27 May 2009

Medical parole? What's it worth to you?

Earlier today Zeng Jinyan, wife of imprisoned Chinese human rights activist Hu Jia, reported that prison officials have rejected the family's most recent petition to seek medical parole for Hu, who suffers from hepatitis B and serious liver damage.

Zeng reports that an official told her: "Regardless of how serious his illness is, without major political environment, he has no chance of medical parole."

I'm not exactly sure what Zeng (or, rather, the unnamed official) means by "political environment" means here, but my interpretation is that officials at Beijing Municipality Prison won't release Hu early without getting orders from above to do so and that such orders would likely only be issued if China's top leadership considered it politically expedient to do so.

Or, reading between the lines: "Perhaps Hu Jia's serious medical condition would qualify him for medical parole if he weren't Hu Jia the renowned activist, but since Hu is so important to the international community, we are going to hold on to him as long as we can to see what we can get for him in return."

This mentality—which critics deride as "hostage diplomacy"—was a regular feature of the Jiang Zemin era, with splashy releases of political prisoners on the eve of state visits by world leaders like President Clinton. But it has been conspicuously missing under Hu Jintao's leadership. Hu has been reported to find the practice personally distasteful, but there are probably larger factors at work as well. These days, Beijing can offer foreign leaders much more than the release of a few political prisoners, especially in light of the global financial crisis.

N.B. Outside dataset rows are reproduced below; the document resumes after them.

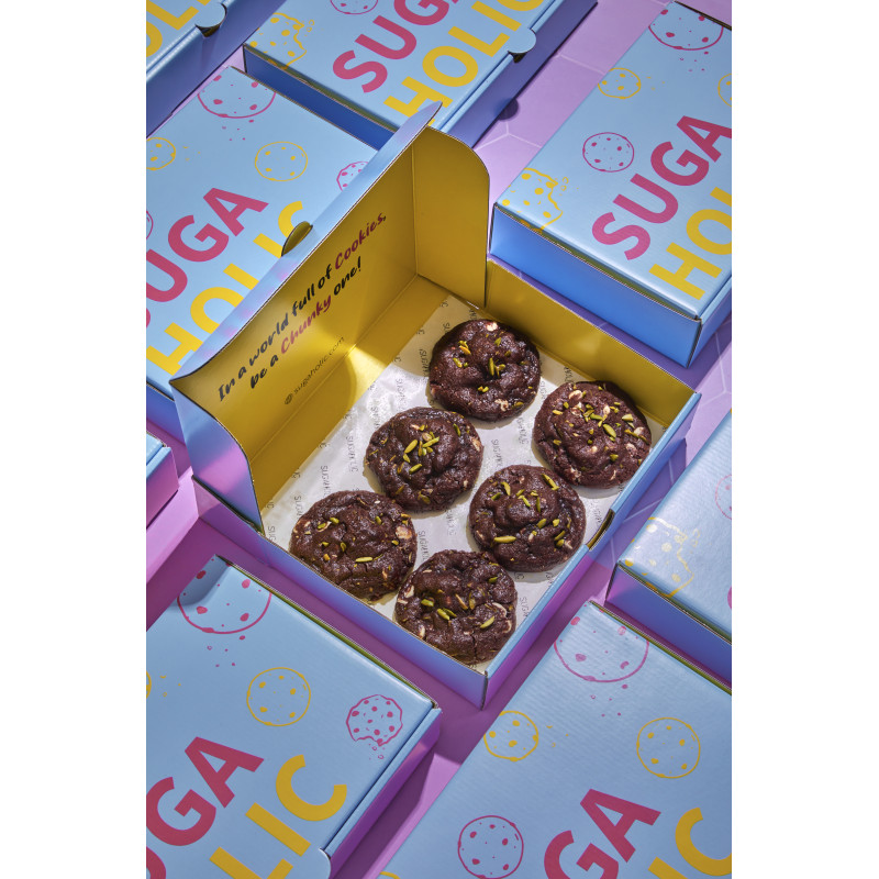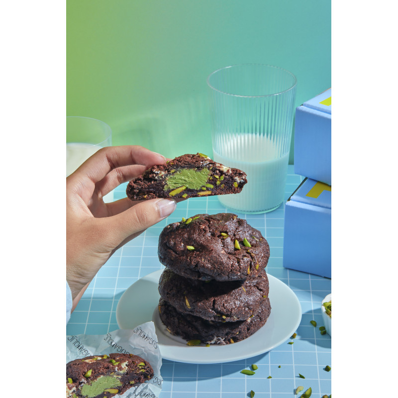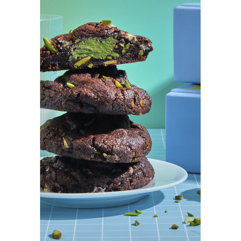 A party in your mouth! Dive into a chocolatey cookie filled with real pistachio pieces, white chocolate chips, and a gooey pistachio surprise at the center.
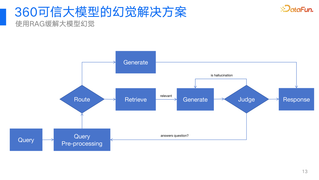 对于事实性、政治性、严肃性问题,需要通过特定的知识库,进行知识增强,进一步生成答案。生成的答案依然可能存在幻觉问题,需要分类器判断是否存在幻觉,如果有再进一步缓解。
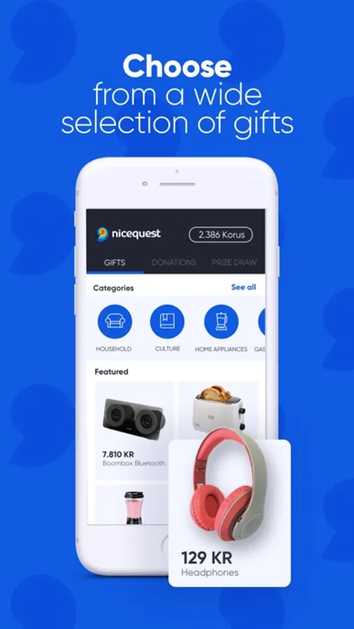 - Choose your gift, donate your Korus or redeem them for monthly prize draws.
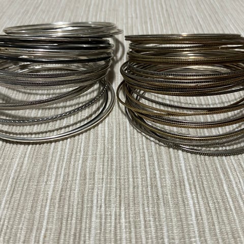 Punaisia ja mustia ohuita metallisia rannerenkaita 43 kpl. Moitteeton kunto. Myydään yhteishintaan.
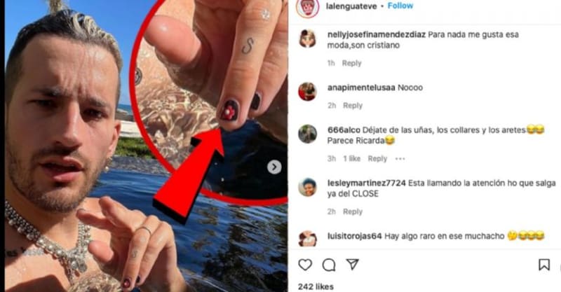 Resulta que el cantante luce una peculiar decoración en sus uñas, incluso con unas flores pintadas, lo que provocó que algunos internautas se volcaran en comentarios en las distintas cuentas donde retomaron esta publicación e incluso señalaran: “¿Por qué se pinta las uñas con florecitas?”, "¿Cuáles son las manos de él y las de ella?”, fueron algunos de los comentarios que lanzaron los usuarios.
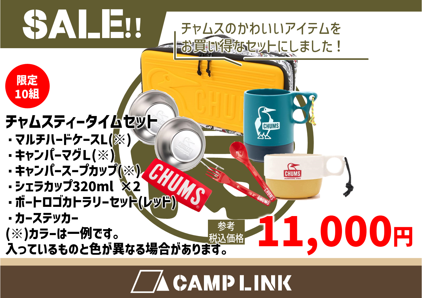 チャムスのかわいいアイテムを集めたセットです。かわいいブービーバードのギアでおしゃれキャンプに一歩近づけるセットです
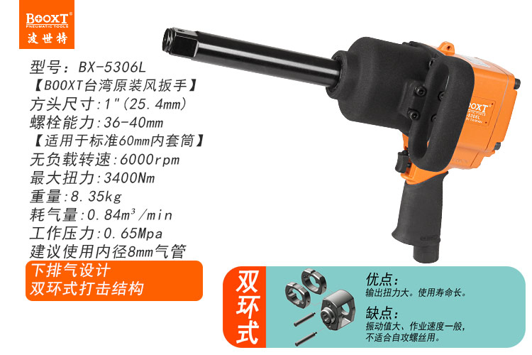 東莞市強勁五金工具有限公司提供臺灣BOOXT波世特品牌氣動工具,槍式風(fēng)炮BX-5306L廠家直銷,首件享特價。咨詢熱線:4008301980
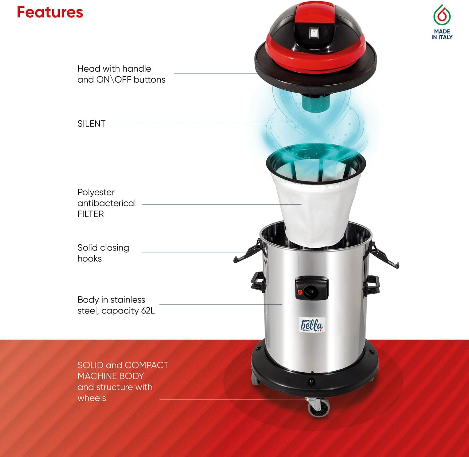 Moteur monostade haute vitesse ; by-pass : grande efficacité énergétique (1,5 kW) et silencieux, 72 dB(A)Bidon aspirateur en acier inoxydable avec filtre spécial anti-bactéries, parasites, champignons et virusManiable et ergonomique : roues pivotantes, crochets de tête pratiques et durables, poignée avec fixation à vis (évite le détachement involontaire), bouton marche/arrêt facilement accessible. Composants antidérapants. Câble de 8,5 m de long : permet d’atteindre n’importe quel endroit de la pièce sans avoir à changer de prise électrique. Enrouleur de câble pratique sur la tête de lit, pour bien enrouler le fil avant de ranger l’aspirateur.
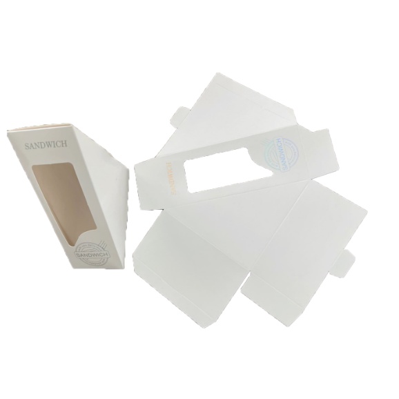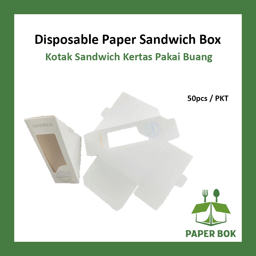 Kotak Kertas [50pcs] Flat Packaging Folding Triangle Sandwich Box / Paper Sandwich Box with Metalised Silver Words

Another possible explanation would be that the current leadership has concerns that releasing prisoners might be read as a sign of weakness, particularly by the more conservative wing within the Communist Party. Certainly, a gene for political risk-taking appears to be absent from the current leadership's genetic make-up.

But, having said that, one cannot simply assume that a deal of some sort is totally out of the question. I'm guesing that the person who spoke to Zeng Jinyan is not in a position to know Hu Jintao's mind on the subject and was speaking in general terms, perhaps extrapolating from historical analogy. But a certain newly elected foreign leader who enjoys widespread popularity is slated to visit Beijing later this year. Perhaps personal intervention by this person would be just the kind of stimulus needed to convince Beijing to part with one of its most "valuable" political prisoners.